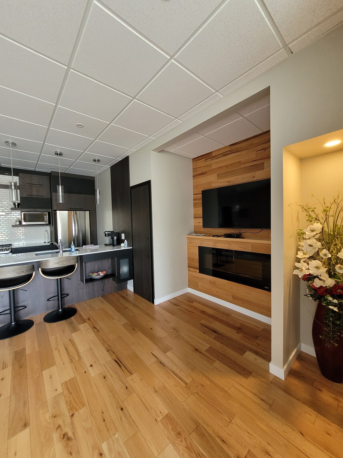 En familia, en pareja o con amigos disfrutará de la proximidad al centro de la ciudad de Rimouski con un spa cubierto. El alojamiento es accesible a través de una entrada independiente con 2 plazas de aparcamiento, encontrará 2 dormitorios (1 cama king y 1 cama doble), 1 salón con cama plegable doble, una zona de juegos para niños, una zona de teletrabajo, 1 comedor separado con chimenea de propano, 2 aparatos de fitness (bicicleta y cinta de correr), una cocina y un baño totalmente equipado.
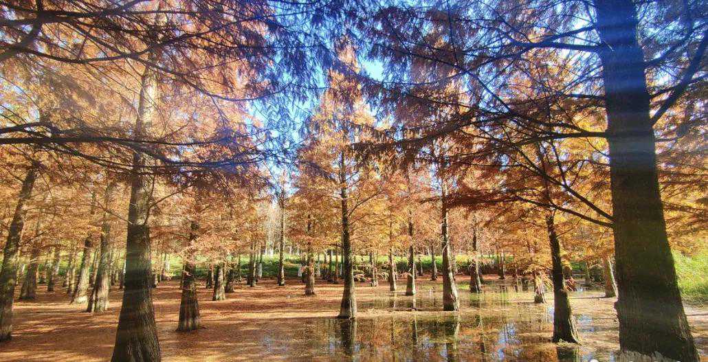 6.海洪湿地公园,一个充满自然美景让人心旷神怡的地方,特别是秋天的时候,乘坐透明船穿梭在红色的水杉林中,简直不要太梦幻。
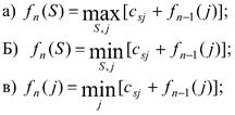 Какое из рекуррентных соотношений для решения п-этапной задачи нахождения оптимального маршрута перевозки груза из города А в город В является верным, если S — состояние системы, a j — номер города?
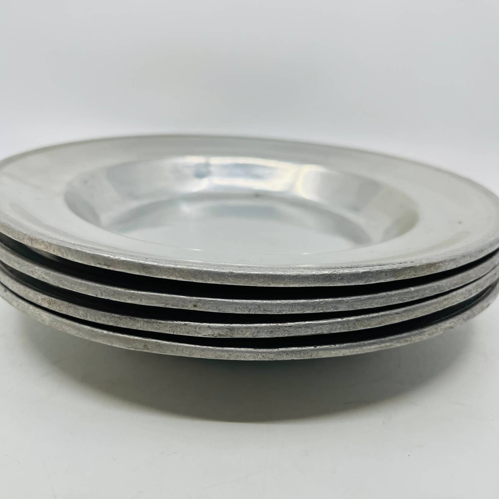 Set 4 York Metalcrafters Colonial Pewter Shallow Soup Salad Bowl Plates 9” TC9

--

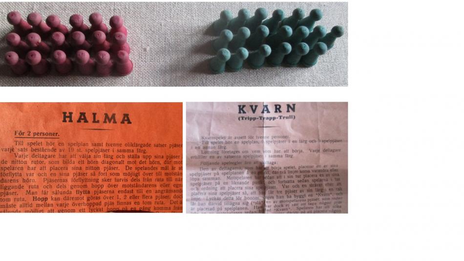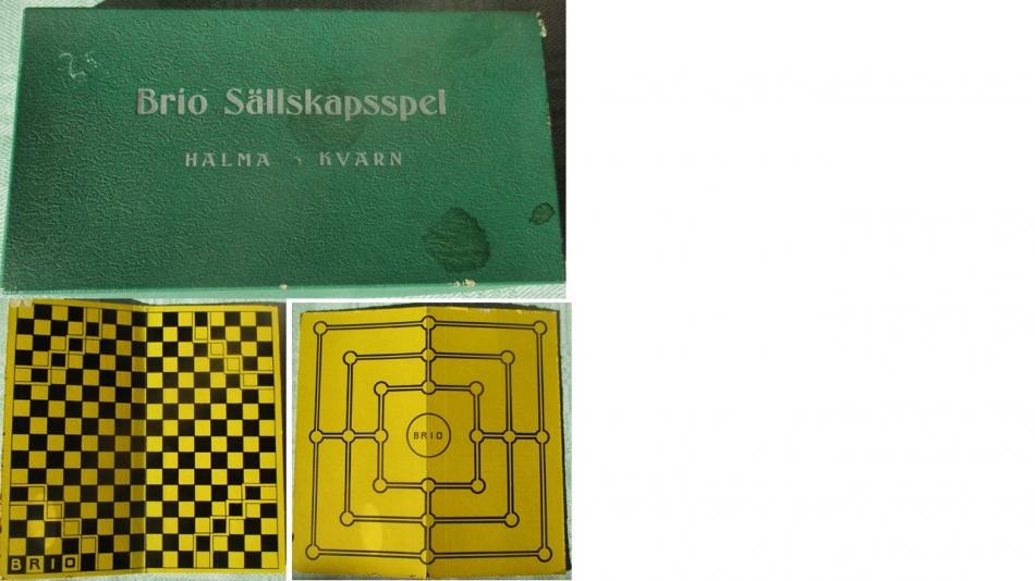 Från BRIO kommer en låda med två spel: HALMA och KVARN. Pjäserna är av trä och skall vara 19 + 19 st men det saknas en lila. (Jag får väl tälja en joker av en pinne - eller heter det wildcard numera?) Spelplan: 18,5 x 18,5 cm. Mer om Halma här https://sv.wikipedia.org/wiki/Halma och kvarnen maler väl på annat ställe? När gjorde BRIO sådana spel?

WHAT TO WORK ON: When you reach the line with "6.海洪湿地公园,一个充满自" in the records above, begin repeating the lines exactly, and stop after the line with "Set 4 York Metalcrafters". Skip all pictures.

REPLY TO THE EXERCISE:
 6.海洪湿地公园,一个充满自然美景让人心旷神怡的地方,特别是秋天的时候,乘坐透明船穿梭在红色的水杉林中,简直不要太梦幻。
 Какое из рекуррентных соотношений для решения п-этапной задачи нахождения оптимального маршрута перевозки груза из города А в город В является верным, если S — состояние системы, a j — номер города?
 Set 4 York Metalcrafters Colonial Pewter Shallow Soup Salad Bowl Plates 9” TC9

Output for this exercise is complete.